▸ ASSIGNMENT:
Ignoring every picture, return the lines of the listing below word for word, from the line that holds "- Připevňuje se" through the line that holds "Must see! This".

▸ MATERIAL FOR THIS TASK:
--------
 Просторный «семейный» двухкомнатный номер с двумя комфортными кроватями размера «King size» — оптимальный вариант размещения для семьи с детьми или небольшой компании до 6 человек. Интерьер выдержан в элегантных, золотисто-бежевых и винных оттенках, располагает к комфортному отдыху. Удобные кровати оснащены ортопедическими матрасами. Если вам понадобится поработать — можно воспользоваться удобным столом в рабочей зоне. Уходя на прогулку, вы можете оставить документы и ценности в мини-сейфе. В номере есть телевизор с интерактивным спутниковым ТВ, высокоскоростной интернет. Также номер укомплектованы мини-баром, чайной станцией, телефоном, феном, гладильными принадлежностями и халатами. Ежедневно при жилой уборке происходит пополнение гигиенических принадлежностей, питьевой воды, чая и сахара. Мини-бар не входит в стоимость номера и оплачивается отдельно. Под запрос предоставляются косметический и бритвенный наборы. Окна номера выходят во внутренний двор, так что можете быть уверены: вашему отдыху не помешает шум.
--------
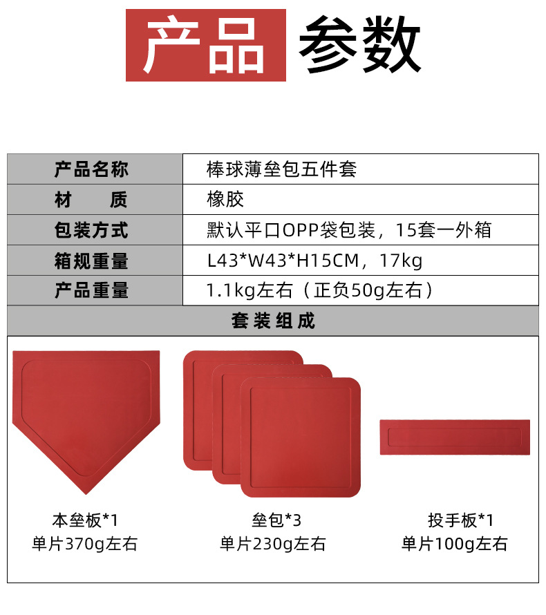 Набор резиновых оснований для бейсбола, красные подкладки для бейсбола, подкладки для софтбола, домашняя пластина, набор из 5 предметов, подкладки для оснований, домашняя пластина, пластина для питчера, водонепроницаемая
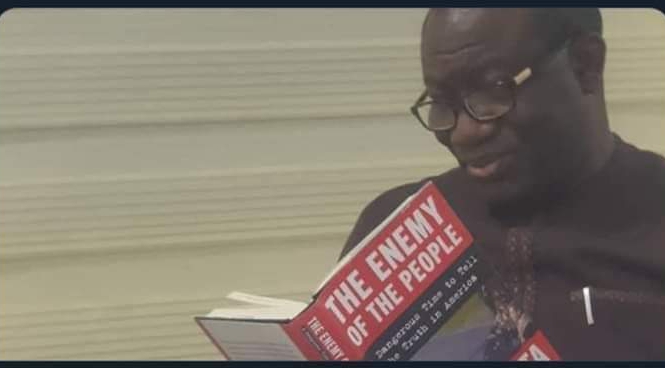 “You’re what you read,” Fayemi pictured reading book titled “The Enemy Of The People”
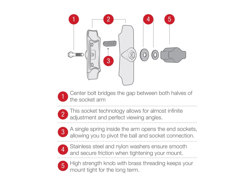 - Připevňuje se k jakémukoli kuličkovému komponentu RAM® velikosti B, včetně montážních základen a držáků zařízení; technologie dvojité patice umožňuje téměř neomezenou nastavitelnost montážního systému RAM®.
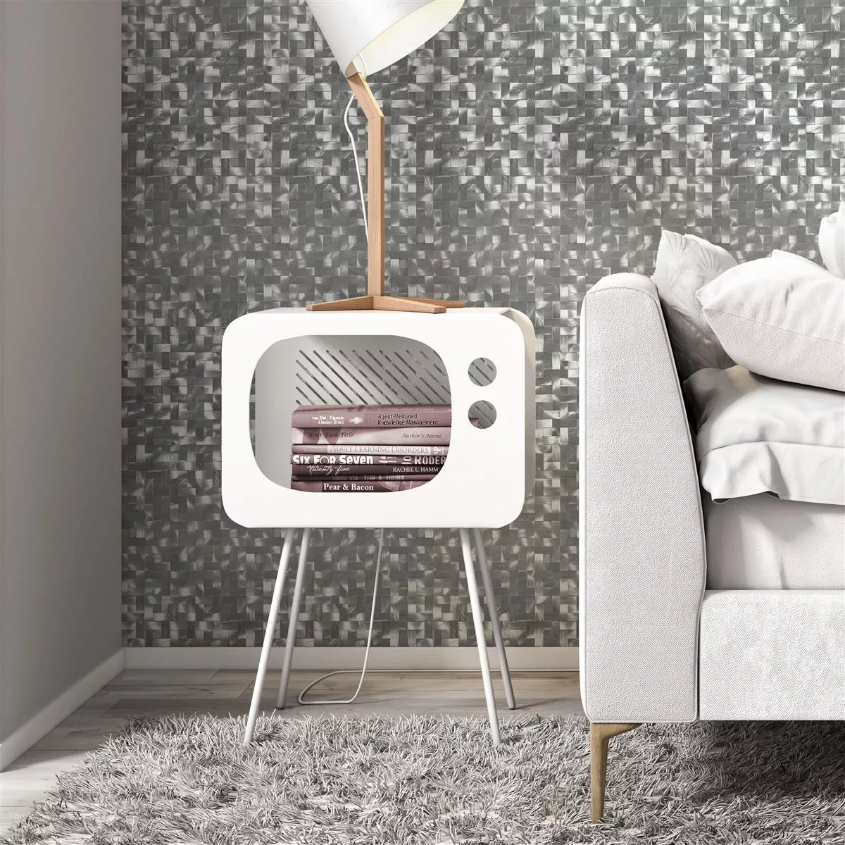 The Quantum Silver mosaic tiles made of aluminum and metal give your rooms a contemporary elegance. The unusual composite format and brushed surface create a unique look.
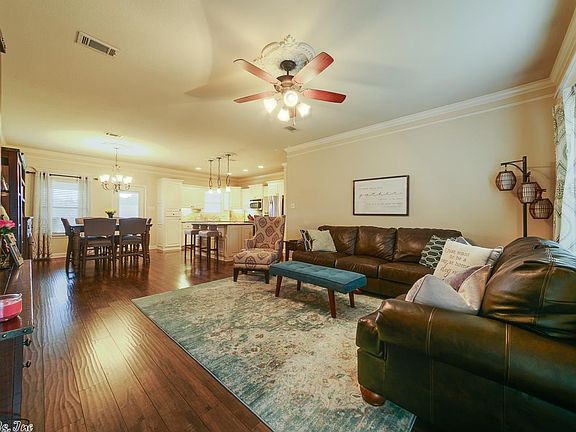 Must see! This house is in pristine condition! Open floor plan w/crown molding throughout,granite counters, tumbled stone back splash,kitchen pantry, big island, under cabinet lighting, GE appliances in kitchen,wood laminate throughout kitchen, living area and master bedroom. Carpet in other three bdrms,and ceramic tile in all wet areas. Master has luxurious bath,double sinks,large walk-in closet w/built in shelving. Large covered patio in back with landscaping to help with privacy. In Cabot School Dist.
--------
▸ EXERCISE RESPONSE:
 - Připevňuje se k jakémukoli kuličkovému komponentu RAM® velikosti B, včetně montážních základen a držáků zařízení; technologie dvojité patice umožňuje téměř neomezenou nastavitelnost montážního systému RAM®.
 The Quantum Silver mosaic tiles made of aluminum and metal give your rooms a contemporary elegance. The unusual composite format and brushed surface create a unique look.
 Must see! This house is in pristine condition! Open floor plan w/crown molding throughout,granite counters, tumbled stone back splash,kitchen pantry, big island, under cabinet lighting, GE appliances in kitchen,wood laminate throughout kitchen, living area and master bedroom. Carpet in other three bdrms,and ceramic tile in all wet areas. Master has luxurious bath,double sinks,large walk-in closet w/built in shelving. Large covered patio in back with landscaping to help with privacy. In Cabot School Dist.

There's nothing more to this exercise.